Linux – Arp requests with odd source IP go unanswered

arpiplinuxnetworkingvmware-esxi

I'm having a server with network connectivity issues that I presume come from issues with arp protocol handling.

Let's say the network topology is as follows:

  • network 192.168.106.0, netmask 255.255.255.0
  • router at 192.168.106.1
  • "problem server" at 192.168.106.2
  • another server at 192.168.106.3

Now, assume that the "problem server" may be silent on the network for periods long enough for its arp entry on the router to expire.

When someone from outside this network attempts to connect to the "problem server", all attempts time out. Connections from within the network to the "problem server" succeed.

If the "problem server" itself attempts to connect to some other address outside the network, the connection succeeds — and after this, also connections from outside the network to the "problem server" succeed for a while. Also, connections from the "problem server" to "another server" are ok.

Looking at arp traffic in the case where the "problem server" has been silent for a long time, I can see arp requests on the network for the "problem server" address, but the "tell" address on these is the network address (192.168.106.0) instead of the router address (192.168.106.1) — and this is what I assume to be the reason for this problem: for some reason the router has wrong reply address in its arp requests.

The "another server" remains reachable, but there I assume the reason to be that it frequently makes connections to outside the local network, and thus keeps its arp entry at the router from expiring.

Any comments / suggestions?

The servers in question are running Linux (CentOS 5.x?), and are running as VMs within VMWare ESXi (5.0?) (I'll check/fill in version details once I get back to work on Monday). The router make/model is unknown for me.

Responses to questions, further findings

Apologies for being slow to return this.

Unfortunately my visibility to the network side (anything beyond the VMWare platform itself) is severely limited.

Based on the arp request packets from the router, it is a Juniper product (guessing by requestor MAC address).

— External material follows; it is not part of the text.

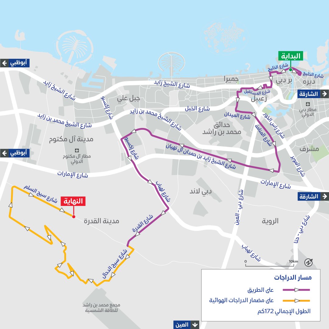 وتتضمن قائمة الشوارع المتأثرة كل من شارع جميرا، وجسر انفينيتي، وشارع الخليج، وشارع الثاني من ديسمبر، وشارع زعبيل الثاني، وشارع المستقبل مع الدوران خلف متحف المستقبل، وشارع الميدان، وشارع المنامة، وشارع الشيخ زايد بن حمدان، وشارع اكسبو، وشارع لهباب، وشارع البورصة، وشارع القدرة عند الانتهاء في مسار القدرة للدراجات الهوائية.

This is a small network, so consider topology as a router, switch, and a single VMWare server hosting several virtual machines.

As for the originator of the odd arp requests, it pretty much has to be the network gateway: they only appear when I try to connect to the "problem" machine from outside the network – and cease when the attempt times out or is cancelled. A minor oddity is that the MAC address in these requests is not the same that is seen for the router in the server arp table after establishing an outbound connection. However, both the MAC address present in these "odd" requests as well as the MAC address shown in the server arp table have a Juniper-assigner OUI.

Then one possibly related finding; it seems that Linux won't respond to arp requests where "tell" address is the network address, whereas Windows (Vista at least) does. This I wasn't able to test in the actual problem environment, but with my own toys at home.

Also, it looks like I'm not completely alone with this issue; a similar experience can be found here: alpacapowered.wordpress.com

Best Answer

Today brought an interesting change of situation.

Eventually, things boiled down to two things:

The Juniper router, or actually a clustered firewall system had somehow lost its configuration syncronisation between the cluster parties. As a result, not all parts of the FW cluster had up-to-date configuration, and this resulted in the arp requests being wrong (yes, the bad arp requests did originate from the router/firewall).

The management application for the firewall also did misbehave, trying to push some other than current, correct, configuration to at least part of the firewall cluster.

I don't have the details on what was done for the firewall itself, nor for the management application, but the end result is that now the "tell" address on the arp requests is the router IP address (.1 from the original description), instead of the network address (.0).

And to these ("who-has ... tell ... .1") arp requests the Linux server responds just as it should, and the inbound connections work just dandy, even long after any trace of the server address has been lost from the routers arp cache.